How we breathe plays an important part of learning how to practice Pranyama. The 'Ujayi' breath is a technique that can be used throughout most Pranayama breathing exercises and also when practising Asana (postures).
Ujayi breath is one of the classical pranayamas and is very good for the removal of phlegm, mucus, cold and damp from the body. Ujjayi breathing involves contracting the throat slightly and this in turn creates heat in the throat region. As the hot air that passes through into your lungs it will dry up any mucus that may have built up.
It also allows the practitioner to control the breath for longer periods.
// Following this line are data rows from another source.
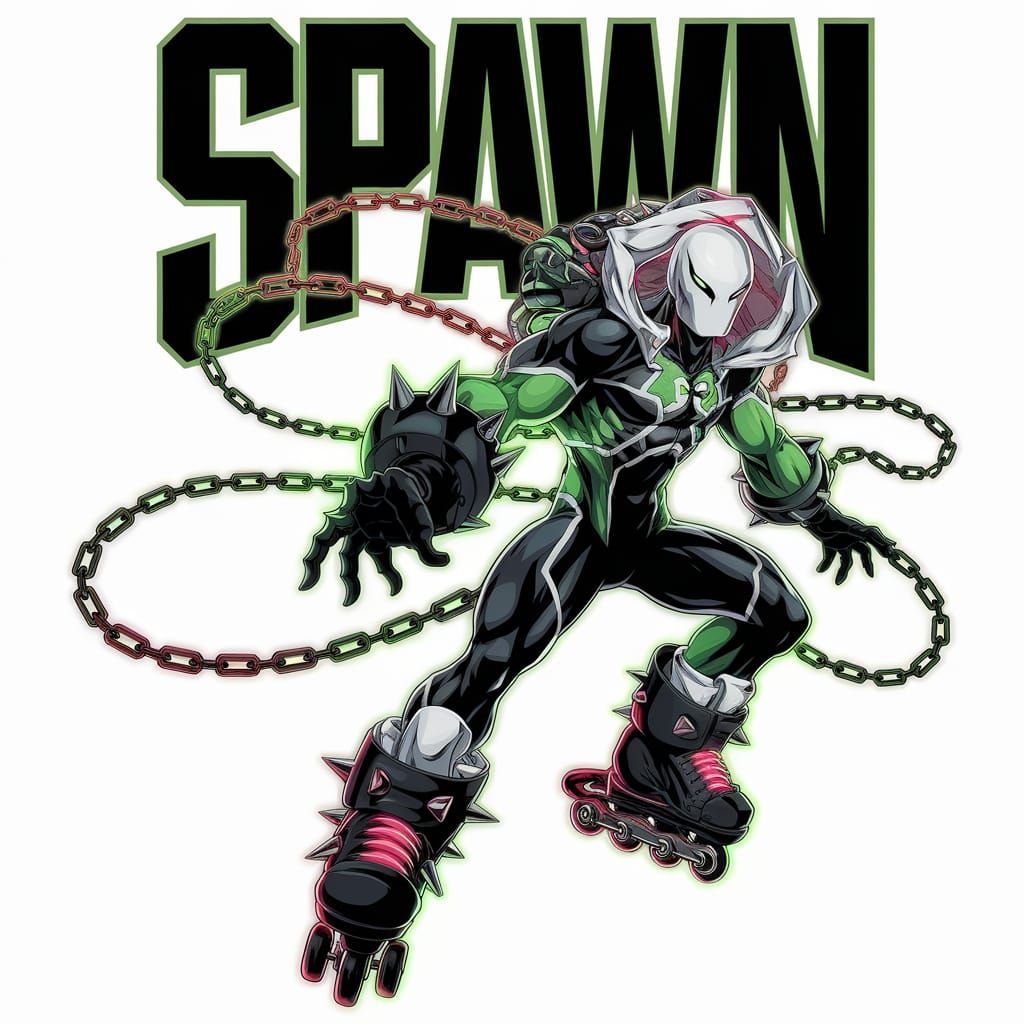 This image shows a vector-style anime t-shirt design featuring the anti-hero Spawn. He's depicted in his symbiotic suit with glowing chains and roller blades against a white backdrop.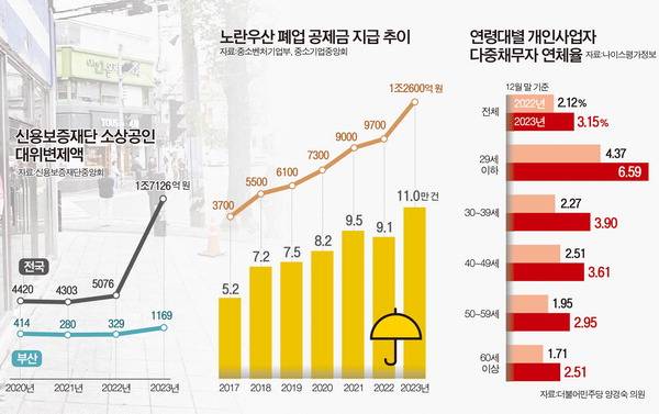 신용보증재단중앙회가 공개한 자료를 보면 지난해 부산지역 대위변제액은 1169억 원으로 전년도 329억 원과 비교해 255.32% 늘었다. 2020년 414억 원에서 2021년 280억 원으로 감소하는 듯했으나 지난해 폭증했다. 대위변제는 소기업과 소상공인이 은행에서 대출받을 수 있도록 보증해준 지역신보들이 소상공인이 상환하지 못한 대출을 대신 갚아주는 제도다.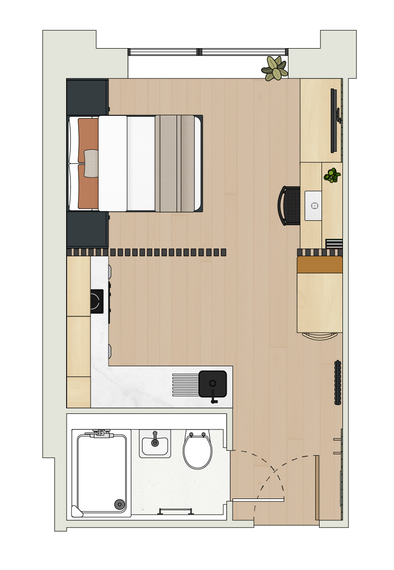 Light, airy, and designed for more. The Deluxe Studio offers extra home office space and abundant natural light, making it the perfect choice for students who need a bit more flexibility in their living arrangement. Suitable for single or dual occupancy, it combines style and practicality, with a fully equipped kitchenette, en-suite bathroom, and thoughtful design. It’s a personal retreat where work and relaxation come together effortlessly. **Price may vary according to the floor level**

We try to create a sound in the throat when breathing in and out. To find the muscle used to contract the throat, think of the muscle used to swallow, clear the throat, or cough: it is the same muscle. So instead of using facial muscles to draw breath in and out we start to use the throat muscles allowing us to have more control,
The easiest way to do this is to take a word and change the sound of the word to a whisper. For example, change the “Ha” sound from normal volume into a whisper whilst still breathing in and out.
The partial closing of the throat helps to elongate the breaths by giving the air a smaller passage to pass through. This naturally then generates the heat.
Use the following steps to learn how to control the correct muscles for Ujjayi breath:
a) Engage the throat first by making an audible “Ha” sound on an exhalation with the mouth open.
b) Then, with the mouth still open, drop the sound to a steady whisper but keep the throat engaged and the voice box locked in that position.
c) Breathe in and then out with the mouth open and whispering the steady “Ha” sound, keeping the throat engaged and voice box locked.
d) Continue, but with the mouth closed, and breathing through the nostrils, using the same muscles to keep the throat engaged and voice box locked.
This technique can be used simply on its own by doing simple in and out breathing, try counting to 5 on inhalation, pausing for a moment, then exhaling for 5 again. Try a few cycles, you will be amazed how calm and focussed you can become.
It can also be adopted when practising any other Pranayama breathing exercises that require breathing through the nose.
Using for longer periods can cause some dryness in the throat so take very small sips of water or a few drops of olive oil in the throat can also help.
I also find using this technique whilst practising asanas can really help, by being able to control the breath means we can take more oxygen in as we are able to control and slow down our bpm (breaths per minute).